The Right Friendship

James 4

Wednesday, October 5, 2022

Conflicts and violence are problems we humans have always dealt with. If only there were some insights in the book of James to help us understand why, and how we might be able to help the situation.

“Those conflicts and disputes among you, where do they come from? Do they not come from your cravings that are at war within you? You want something and do not have it; so you commit murder. And you covet something and cannot obtain it; so you engage in disputes and conflicts. You do not have, because you do not ask. You ask and do not receive, because you ask wrongly, in order to spend what you get on your pleasures.” (James 4:1-3 NRSV)
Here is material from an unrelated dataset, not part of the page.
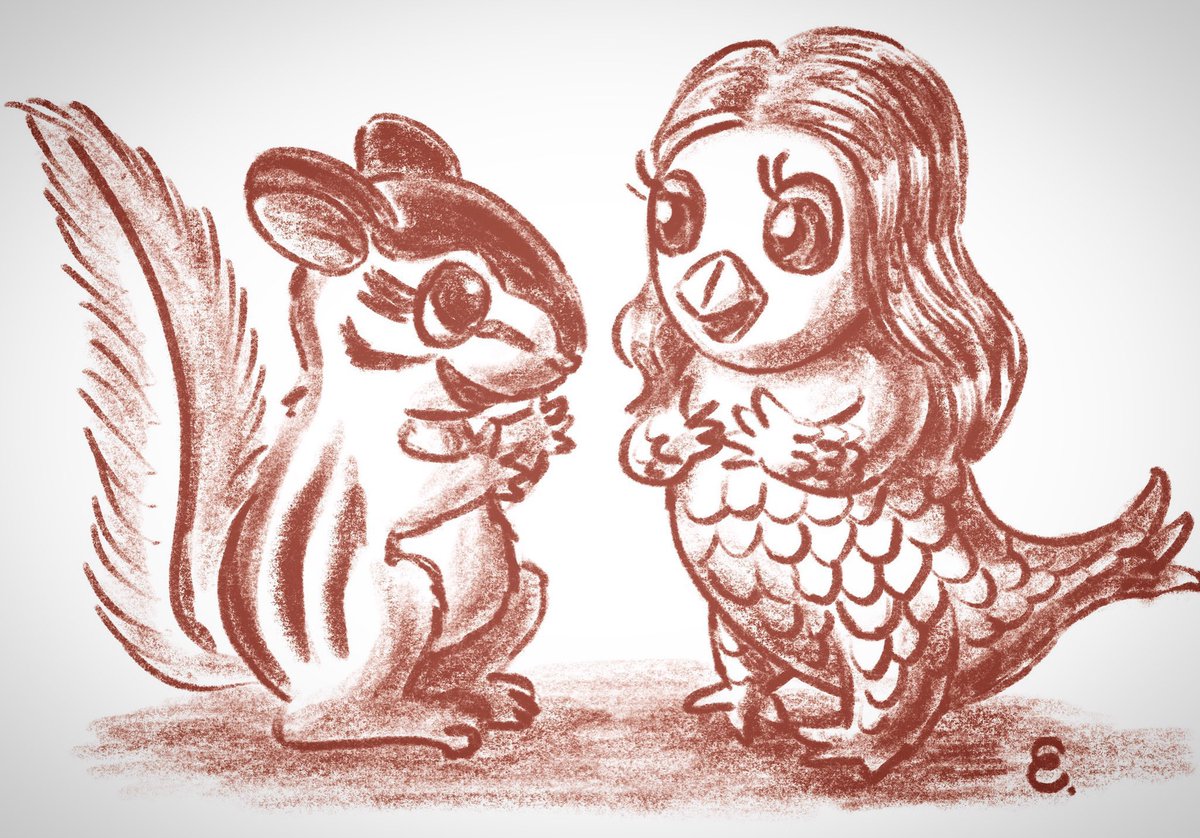 #1日1絵 #3月16日 の過去絵。 マンガ「リスの夢」 リスの絵描き歌⁈ アマビエとリス 「まるっと小動物展」だった年も #illustrator #イラスト #リス #シマリス #chipmunks

James says the source of conflict is the cravings at war within us. We covet things that we don’t have, and perceive that there isn’t enough to go around, leading us to take what we want by force, many times at the expense of others. We’re wired so deeply for survival that the fear of scarcity often drives us to get what we need in whatever way we can. It’s both a blessing and a curse. 
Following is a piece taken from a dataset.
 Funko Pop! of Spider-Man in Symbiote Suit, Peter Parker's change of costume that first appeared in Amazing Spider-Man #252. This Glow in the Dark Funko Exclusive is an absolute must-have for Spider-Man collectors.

The passage goes a level deeper into the investigation and explores why we don’t have what we need: It’s because we don’t ask. That’s something I’m not good at. I often feel uncomfortable asking someone else for something, because I think it’s my own responsibility to take care of it. By not asking, I’m underutilizing one of the biggest strengths of being part of family and community. There is more than enough to go around if asking and sharing happen freely.
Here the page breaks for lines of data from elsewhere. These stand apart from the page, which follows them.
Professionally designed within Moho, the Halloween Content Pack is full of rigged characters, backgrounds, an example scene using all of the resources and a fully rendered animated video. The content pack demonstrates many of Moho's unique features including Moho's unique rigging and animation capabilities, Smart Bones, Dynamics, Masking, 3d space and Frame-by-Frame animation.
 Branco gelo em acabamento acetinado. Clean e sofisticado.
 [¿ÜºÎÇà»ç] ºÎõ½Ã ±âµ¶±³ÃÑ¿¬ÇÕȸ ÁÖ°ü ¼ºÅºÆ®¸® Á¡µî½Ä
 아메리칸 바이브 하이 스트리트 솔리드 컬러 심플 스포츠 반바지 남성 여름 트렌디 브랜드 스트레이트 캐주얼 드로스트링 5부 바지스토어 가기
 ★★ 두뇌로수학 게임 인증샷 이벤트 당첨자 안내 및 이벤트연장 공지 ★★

There’s another layer to this. Sometimes when we ask, we don’t receive because we ask with wrong or selfish motives. By chasing after the wrong things, we are fueling the fire of conflict. James is prompting us to take inventory of our desires and motives. It’s not wrong to need or want things, but the challenge is to seek the right things with a pure heart.

James continues his train of thought by contrasting “friendship with the world” and friendship with God. When we seek things with the wrong motives, we make ourselves friends of the world, and therefore enemies of God. Instead, make yourself a friend of God by humbling yourself and submitting to the leading of his spirit that lives within us. Set aside your selfish desires, as painful as that may be, and ask for truly good things.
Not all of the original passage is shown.